— Exercise directions —
Pictures in the material below are to be left out, and only the lines from the line with "Additionally, the ICO" up to and including the line with "Cartes postales Funerailles" are to be written out exactly.
Extracted material Block Start
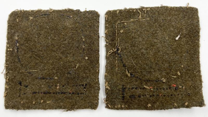 Embroidered 5th Infantry Division formation signs and black arm of service strips. On Battle Dress material.
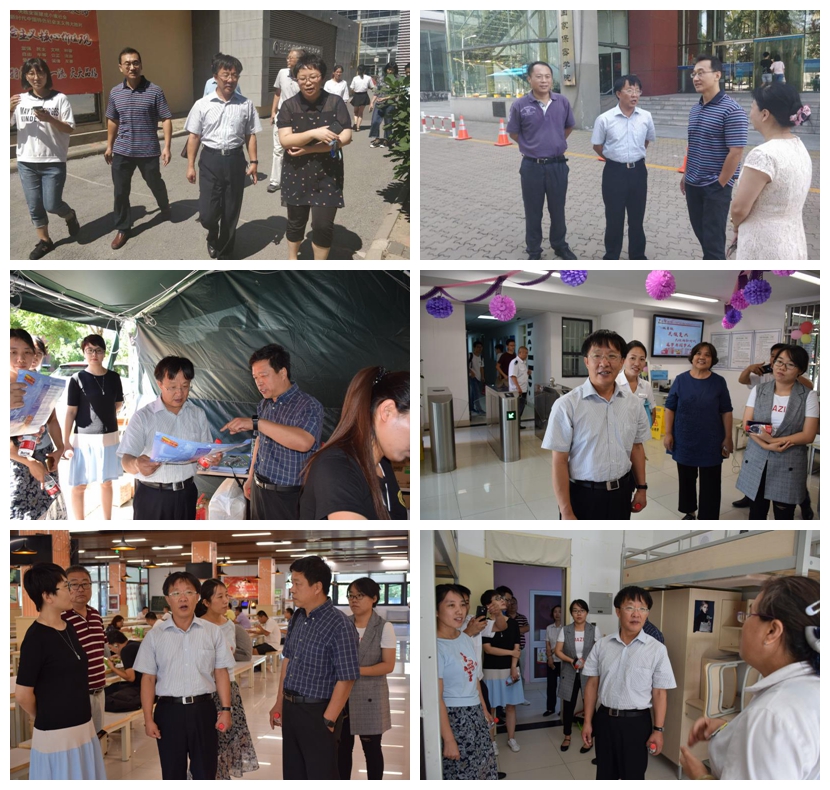 在卫津路校区,张凤宝在后勤保障部部长尚宇光、党委书记杨志永等部门领导的陪同下,先后来到学五食堂、鹏翔超市服务点、鹏翔公寓、25楼迎新帐篷等地点,详细了解了食堂用餐供给、迎新物资是否充足、新生宿舍准备是否齐全、迎新服务点水电保障等具体工作安排。
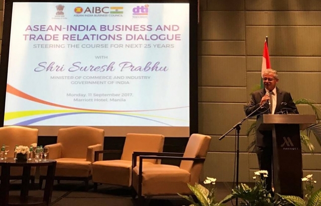 Ambassador Jaideep Mazumdar addressing ASEAN-India Business and Trade Relations Dialogue on the sidelines of 49th ASEAN-India Economic Ministers'Meeting in Manila, Philippines on 11th September 2017.
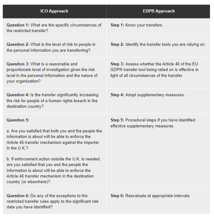 Additionally, the ICO TRA tool provides organizations with a pragmatic, user-friendly template containing a series of six broad questions (with step-by-step guidance, tables and sub-questions for each of these broad questions). By contrast, the EDPB does not offer organizations a template TRA. Instead, it provides comprehensive guidance on the six steps that organizations should follow when conducting a TRA (see “TRA Comparison Table” below).
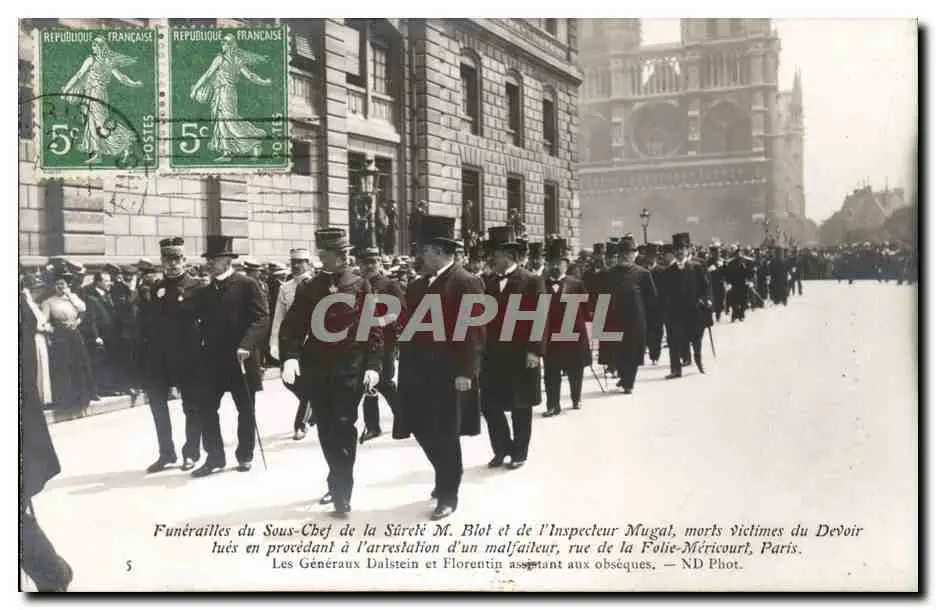 Cartes postales Funerailles du sous chef surete Blot et inspecteur Mugat morts rue de la Folie Mericourt Paris G
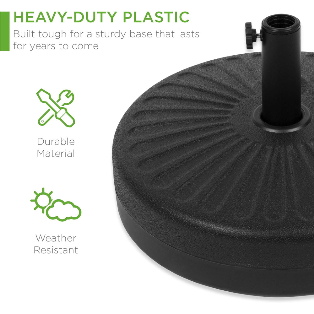 Base Suporte Ruixin JX022-01 Redonda Para Guarda-sol Ombrelone Piscina Jardim - Preenchível Com Água Areia 22kg, Plástico PE, Tubo Haste de Aço Com Botão de Ajuste Para Mastros 1.5 a 1.9 pol 1. Base Suporte Ruixin JX022-01 Para Guarda-sol e Ombrelone: Base redonda e versátil, ideal para fixação em Deck, Piscina, Gramado e Jardim. Projetada para uso externo, proporciona a estabilidade necessária para diversos modelos de guarda-sol. 2. Alta Capacidade de Preenchimento (25 kg): A base é projetada para ser preenchida com até 19 litros de água ou 25 kg de areia, garantindo um peso robusto e seguro para o seu ombrelone. Pode ser facilmente esvaziada para transporte e armazenamento. 3. Material de Alta Durabilidade (Plástico PE Reforçado): Fabricada em plástico HDPE (Polietileno de Alta Densidade) durável e resistente. Inclui um tubo de haste central em aço sólido, garantindo longa vida útil e resistência a intempéries. 4. Ajuste de Botão para Vários Tamanhos de Haste: O tubo de aço acomoda hastes de guarda-sol com diâmetros de 1,5 a 1,9 polegadas. O botão ajustável permite apertar o encaixe, garantindo resistência e estabilidade ideais para mastros de 6 a 10 pés. 5. Design Compacto e Armazenamento Inteligente: O formato redondo com design "raio de sol" se integra harmoniosamente a qualquer decoração externa. O tubo de aço é removível, permitindo que a base seja guardada de forma compacta em períodos de não utilização. Garantia 90 dias
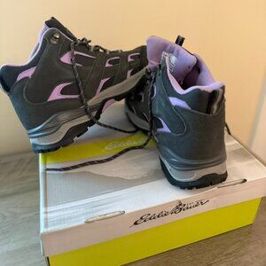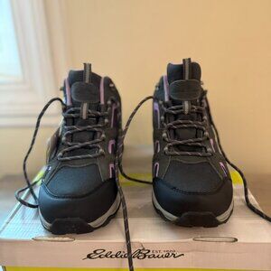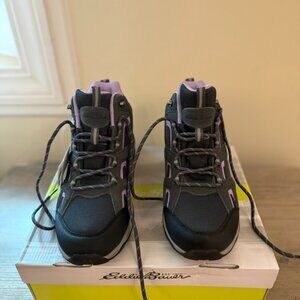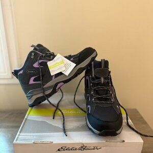 Brand new in box Eddie Bauer San Juan Men's hiking boot in size 9.5. Black and purple mesh and suede hiking shoe. Brand new men's shoe with box and tags.
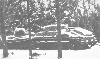 En décembre 1939, il fut décidé de poursuivre les essais du SMK en conditions de combat lors de la Guerre d'Hiver contre la Finlande. Un équipage mixte fait d'ouvriers de la LKZ et de tankistes fut composée et le prototype fut envoyé par rail à la passe de Karélie. Avec le T-100 et le prototype du char KW, le SMK fut incorporé dans une compagnie spéciale de chars super lourds, au sein du 91ème bataillon de char appartenant à la 20ème brigade blindée. Le SMK fut aperçu pour la première fois au combat, le 17 décembre 1939, dans la région de Hottinen. Deux jours plus tard il prend part à l'assaut contre les fortifications finlandaises près de Summa. Le char fut immobilisé et finalement abandonné par son équipage qui fut évacué par le T-100. Le SMK resta pendant deux mois et demi en position car les Finlandais ne disposaient pas de véhicules assez puissants pour remorquer un tel monstre d'acier. De plus le périmètre proche du SMK était protégé par l'artillerie soviétique. Cependant les Finlandais réussirent à inspecter le char et à prendre quelques équipements et pièces. Notons que le SMK fut avec erreur nommé Pz.Kpfw T-35C 752 (r) (alors qu'il n'avait rien à voir avec le T-35). En février 1940, les Russes réussirent à atteindre le SMK après avoir dépassés la ligne Mannerheim. En mars 1940, six T-28 furent nécessaires pour tracter le SMK jusqu'à la gare de Perkijärvi. Le SMK fut démonté et les éléments furent envoyés à l'usine LKZ de Léningrad par rail. Triste fin pour ce monstre d'acier, qui sonna le glas des chars multi-tourelles trop fragiles, trop compliqués. Plus aucun design de ce genre ne fut développé par la suite. Cependant il inspira très fort le char lourd KV-1. In December 1939, it was decided to continue the tests of the SMK in conditions of combat at the time of the Winter War against Finland. A mixed crew made of workmen of the LKZ and tankists was composed and the prototype was sent by rail to the Karelian pass. With T-100 and the prototype of the tank KW, the SMK was versed a special company of heavy super tanks, within the 91st battalion of tank pertaining to the 20th armored brigade. The SMK was seen for the first time at the combat, on December 17, 1939, in the area of Hottinen. Two days later it takes part yo the attack against the Finnish fortifications close to Summa. The tank was immobilized and finally abandonned by its crew which was evacuated by T-100. The SMK remained during two months and half in position because the Finns did not have enough powerful vehicles to tow this steel monster. Moreover the perimeter close to the SMK was protected by the Soviet artillery. However the Finns succeeded to inspect the tank and steal some equipment and parts. Let us note that the SMK with error was named Pz.Kpfw T-35C 752 (R) (then that it was not a T-35 version). In February 1940, the Russians succeeded to joint the SMK after having exceeded the Mannerheim line. In March 1940, six T-28 were necessary to tractor draw the SMK until the station of Perkijärvi. The SMK was dismounted and the elements were sent to the LKZ factory of Leningrad by rail. Sad end for this steel monster, which rang the knell of the multi-turreted tanks, too fragile, too complicated. More no design of this kind was developed thereafter. However it inspired very extremely heavy tank KV-1.
Extracted material Block End
— Solution to the problem —
 Additionally, the ICO TRA tool provides organizations with a pragmatic, user-friendly template containing a series of six broad questions (with step-by-step guidance, tables and sub-questions for each of these broad questions). By contrast, the EDPB does not offer organizations a template TRA. Instead, it provides comprehensive guidance on the six steps that organizations should follow when conducting a TRA (see “TRA Comparison Table” below).
 Cartes postales Funerailles du sous chef surete Blot et inspecteur Mugat morts rue de la Folie Mericourt Paris G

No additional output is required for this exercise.